If the connection is successful, the checker sends a magic number, and listens (for up to 300 seconds) for a magic number from the listener. If the magic number is wrong, the checker assumes it is being spoofed and continues to run.
The checker then picks a random number, shifts it right by three
(throwing away the lower three bits) and sends it to the listener. It
expects a number back within ten seconds, which it adds to the one
sent. If this sum is even, the sender increments pleasequit
,
which (as noted in section [pleasequit]) does very little.
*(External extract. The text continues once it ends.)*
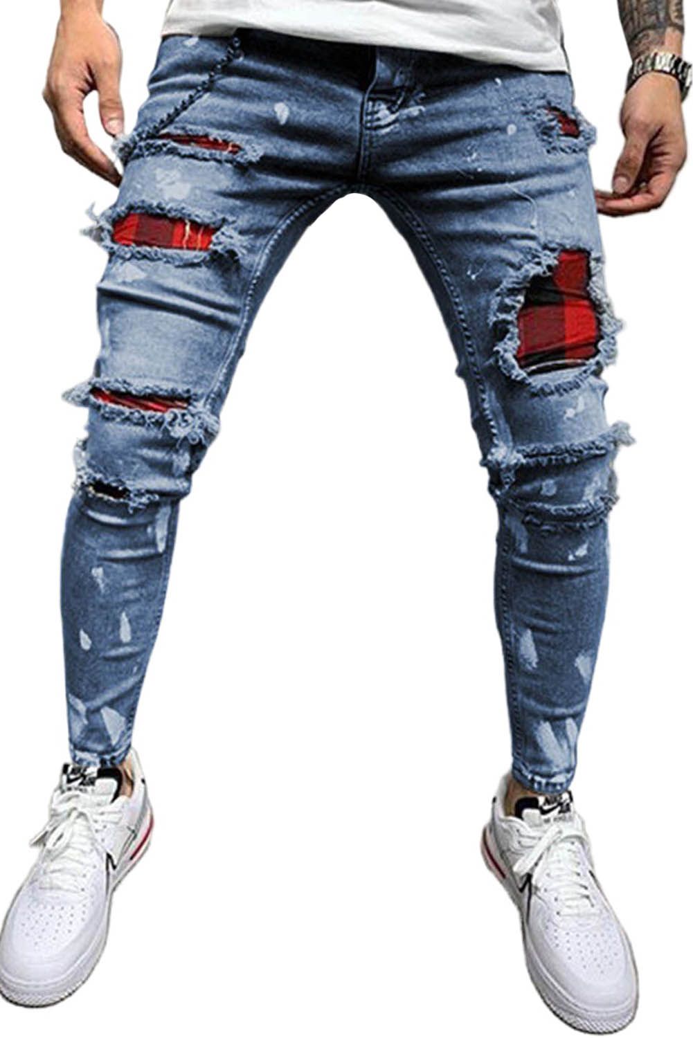 Black Plaid Patchwork Distressed Slim-fit Men's Jeans

Once it has finished communicating (or failing to communicate) with the listener, the checker sleeps for five seconds and tries to become a listener. It creates a TCP stream socket, sets the socket options to indicate that it should allow multiple binds to that address (in case the listener still hasn't exited, perhaps?) and then binds the socket to port 23357, and listens on it (permitting a backlog of up to ten pending connections.)
othersleep
routine is run when the main body of the virus
wants to idle for a period of time. This was apparently intended to help the
virus ``hide'' so that it wouldn't use enough processor time to be
noticed. While the main program sleeps, the listener code waits to see
if any checkers have appeared and queried for the existence of a
listener, as a simple ``background task'' of the main virus.
The routine first checks to see if it has been set up as a listener;
if not, it calls the normal sleep
function to sleep for the
requested number of seconds, and returns.
If it is set up as a listener, it listens on the checking port with a timeout. If it times out, it returns, otherwise it deals with the connection and subtracts the elapsed real time from the time out value.
The body of the listener ``accepts'' the connection, and sends a magic number to the checker. It then listens (for up to 10 seconds) for the checker's magic number, and picks a random number. It shifts the random number right by three, discarding the lower bits, and sends it up to the checker; it then listens (for up to 10 seconds) for a random number from the checker. If any of these steps fail, the connection is closed and the checker is ignored.
Once the exchanges have occurred, the address of the incoming
connection is compared with the loopback address.
If it is not from the loopback address, the attempt is ignored. If it
is, then if the sum of the exchanged random numbers is odd, the
listener increments pleasequit
(with little effect, as
noted in section [pleasequit]) and closes the listener connection.